NEW YORK — Michael Avenatti should spend no more than six months behind bars after a jury concluded he tried to extort $25 million from sportswear giant Nike, his lawyers told a judge Wednesday, saying the once high-flying California attorney faces constant ridicule after his “cataclysmic fall.”
In a sentencing memorandum in Manhattan federal court, the lawyers wrote that Avenatti had suffered enough from a three-month stint in prison when his bail was revoked last year and from public ridicule. Sentencing is scheduled for June 30.
Probation Department calculated federal sentencing guidelines to call for a sentence of 11 to 14 years in prison, Avenatti’s lawyers noted. The lawyers said no more than six months in prison and a year of home confinement was appropriate.
They said Nike and a man who ran a youth basketball league in Los Angeles he once represented as he negotiated with Nike had not lost money from the crime, and a recurrence was impossible since Avenatti will never practice law again.
“Avenatti’s epic fall and public shaming has played out in front of the entire world. The Court may take judicial notice of this fact, as Avenatti’s cataclysmic fall has been well-documented. He is openly mocked by the former President of the United States and his preferred media outlets, to the glee of millions of the former President’s followers and supporters,” they wrote.
“He cannot go anywhere in public without inducing and subjecting himself to vitriolic comments and abuse. These circumstances alone would deter anyone in Avenatti’s shoes from engaging in similar conduct,” the lawyers added.
Avenatti, 50, reached the height of his fame in 2018 as he represented porn star Stormy Daniels in lawsuits against then-President Donald Trump.

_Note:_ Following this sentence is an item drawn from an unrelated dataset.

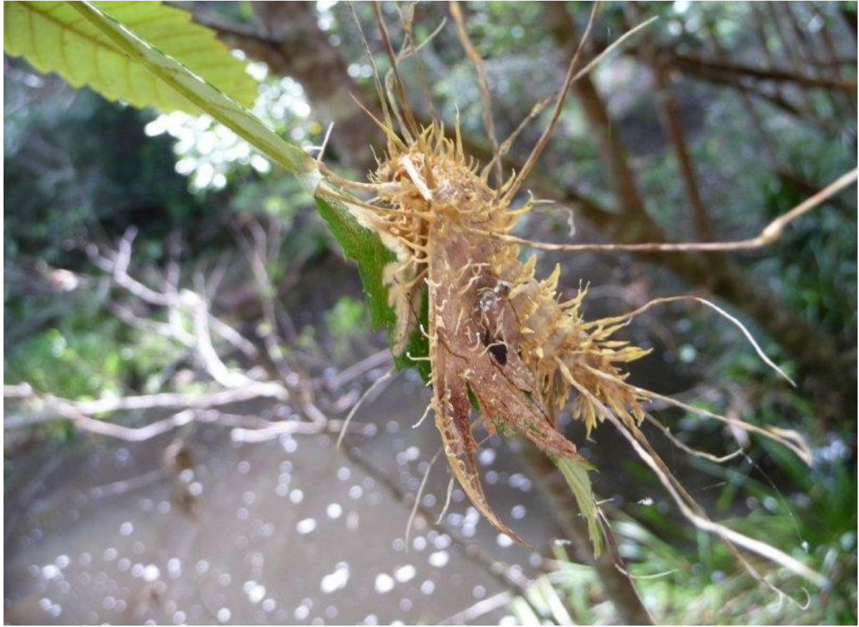
Mummified moth parasitized by a probable Akanthomyces fungus found on Gheerull Falls track, Blackall Range.

The white area's on the fungal branches are likely to be the conidiospores (asexual spores) which help the fungus spread around the environment. There is research into_entomopathogenic fungi to see if they can be used as biological control of pests. It seems to me that the natural world is endlessly complex and inventive. It is great that we have observant people who can bring such amazing things to our attention.

In 2019, he was arrested in the Nike extortion case and was also charged in Los Angeles federal court with defrauding former clients and others of millions of dollars. Months later, he was charged with defrauding Daniels of hundreds of thousands of dollars she was owed for a book deal. He has pleaded not guilty to all charges and is awaiting trial in the other cases.
Last year, he was freed in April to home confinement from the Metropolitan Correction Center in Manhattan at the height of the initial wave of the coronavirus in U.S. prisons after he said he was uniquely vulnerable after a bout with pneumonia six months earlier and complained that a cellmate had recently been removed with flu-like symptoms including a severe fever and coughing.
Prosecutors declined through a spokesperson to comment. They are scheduled to make their own sentencing recommendations later this month.